Her 09 calibre with body oil spray annually, at 73k.

I have concluded that with the amount we drive that it is body corrosion, and the systems it attacks that is putting the end to our cars, not wearing them out mechanically. I still do the oil changes every 5k.

Oh, change the cooling system anitfreeze every 2-3 years also.


----------



## Addy (Mar 12, 2010)

Who uses synthetic, and why do you? I know all the google answers, but I'm curious to hear first hand why the switch.


----------



## lonewolf (Jun 12, 2012)

When I get my oil changed @ Wallmart. I tell them how many grease nipples there are on the car & stand around the viewing area to make sure they are greased. I think a lot of times expensive parts wear out on a car when it is taken in for an oil change & the parts that need greasing are not greased. Its good to keep an eye on it.


----------



## andrewf (Mar 1, 2010)

I don't know why people would skimp on oil changes.
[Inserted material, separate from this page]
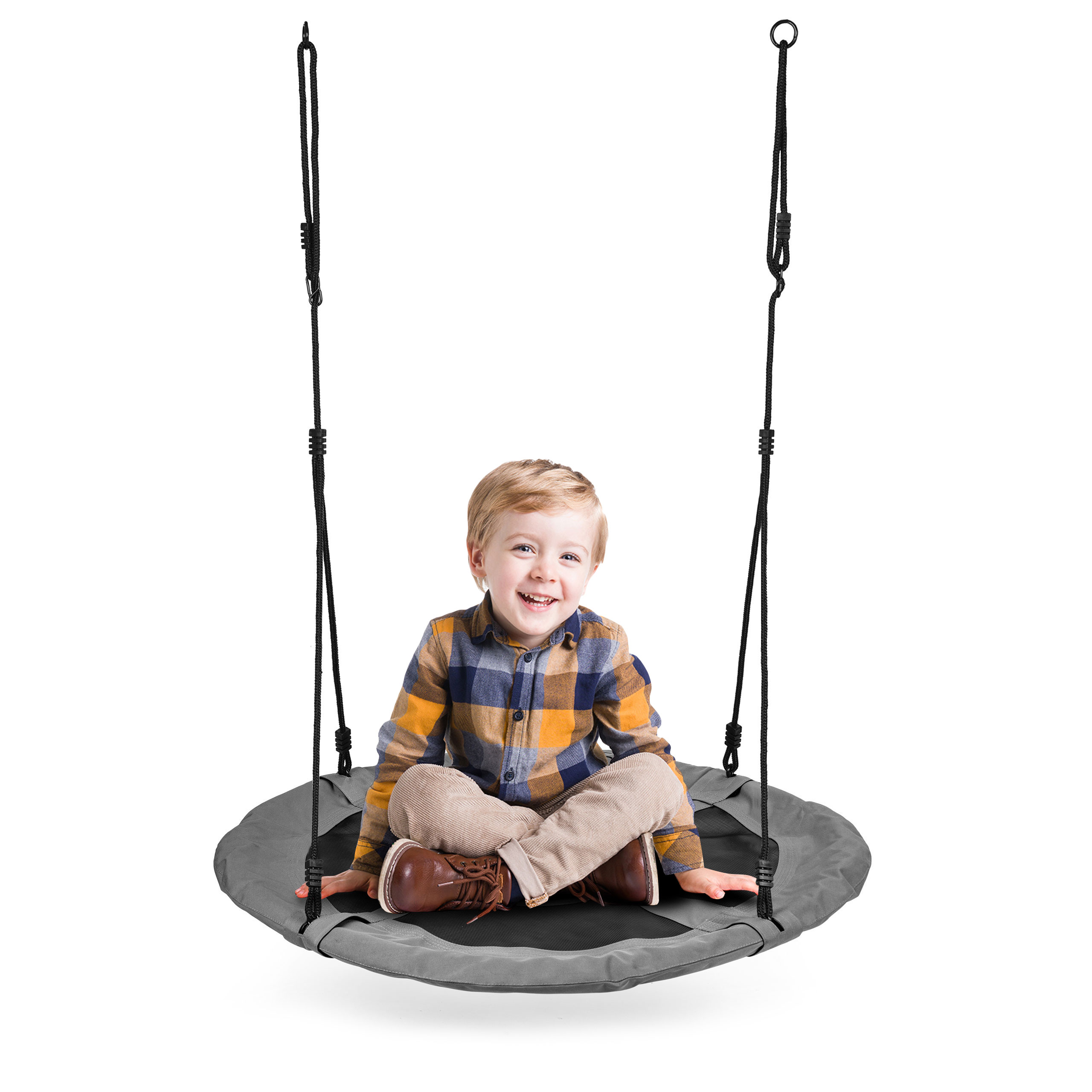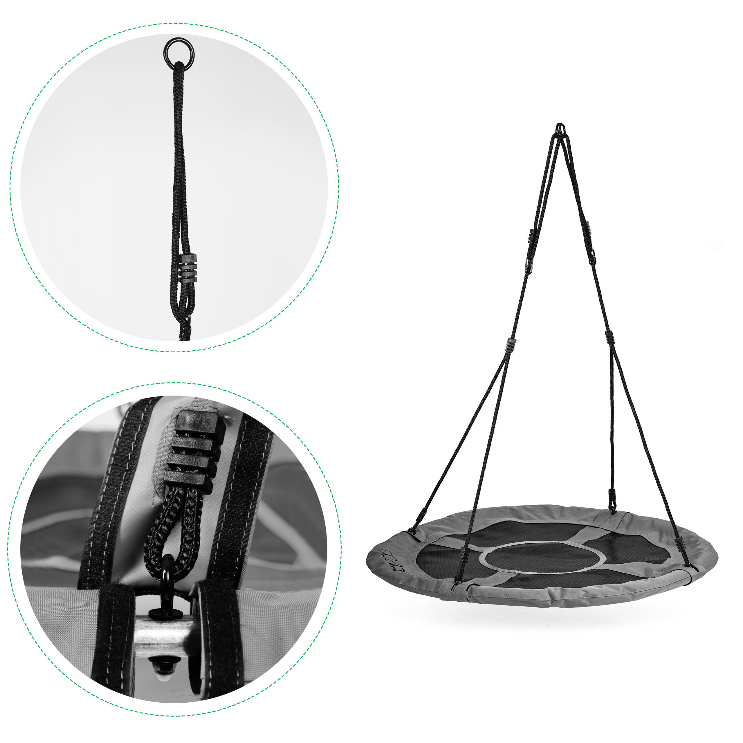 • Качели оснащены 2 регулируемыми тросами толщиной 10 мм из прочного материала и удобным сиденьем диаметром 100 см с поролоновой обивкой, обеспечивающим безопасность и комфорт. Тросы оснащены металлическими кольцами для крепления, что делает качели очень простыми в установке. Вы можете повесить их на раму качелей или на ветку дерева.

They're dirt cheap, in terms of total cost of ownership of the car.

My car calls for 8,000 km/4 months. I change every 4 months, usually with about 6k kms. I've considered switching to synthetic and less frequent changes, but I don't want to void the warranty. I have another 2 years until the powertrain warranty is up.


----------



## fraser (May 15, 2010)

every 6K, and never go for more than a six month interval. Am at 300K-burns no oil, leaks no oil. And I do the air filter regularly.

Plus...transmission fluid, brake fluid, rad (with manufacturer's product vs commercial brand), and steering flushes, timing belt as per manufacturer's recommendation. And never at those quickie lube joints.
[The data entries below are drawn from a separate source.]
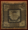 Seidentuch zum Abdecken des Kommunionkelches. Stickerei und Spitze in Silberfaden. Mittentext: „JESU CHRISTI true BLOOD“ Ecktexte: „Gab GyllenGahm“, „Christina Kafle“, „Anno“ „1713“ Rahmenmaße ca. 62x59 cm. "Fägne-rim" von 1742 kommt mit Provenienz: Familie Gahm.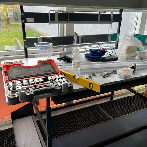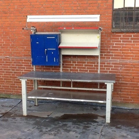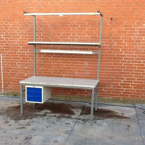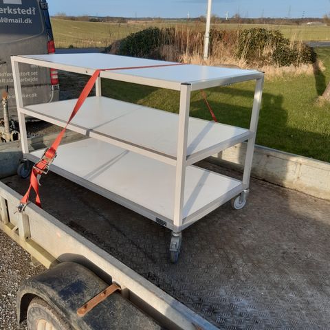Bordet er lavet i metal og kraftigt træbordplade med hvidlaminat øverst. Bagdelen med hylerne kan afmonteres, er boltet sammen
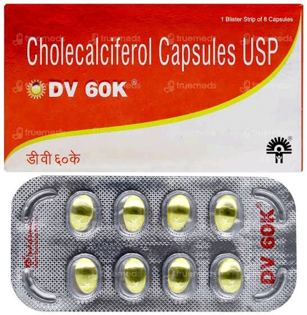 DV 60K Capsule is used to treat low blood calcium levels. It effectively treats various conditions in the body, like Vitamin D deficiency, osteoporosis, and rickets or osteomalacia. DV 60K Capsule contains Cholecalciferol (Vitamin D3).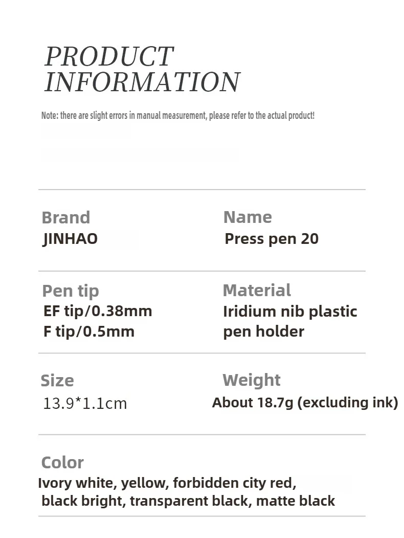 Agisci adesso!Lascia che questa penna stilografica a pulsante serie JINHAO 20, che unisce convenienza, leggerezza e comfort, ti accompagni nella scrittura in ogni momento meraviglioso!

I get the oil change at the dealer. They have a great promo price and will do it while I wait.


----------



## m3s (Apr 3, 2010)

Addy said:


> Who uses synthetic, and why do you? I know all the google answers, but I'm curious to hear first hand why the switch.


I do because my engine requires it and has always ran on it, at 15,000 kms intervals (I DIY change it around 7.5k because I drive hard, and that lasts nearly a year already) It really depends on the engine and what it was designed and used for.. switching from conventional to synthetic is endlessly debated on any auto forum to the point that it's become a forbidden topic.

Synthetic oil is better for cold Canadian starts (where most of the engine wear occurs) lasts much much longer even in high temperature (racing) and costs about the same. If you've always used conventional oil and don't mind the short interval I would just stick with conventional though..


----------



## AGHFX (Aug 31, 2012)

andrewf said:


> I don't know why people would skimp on oil changes. They're dirt cheap, in terms of total cost of ownership of the car.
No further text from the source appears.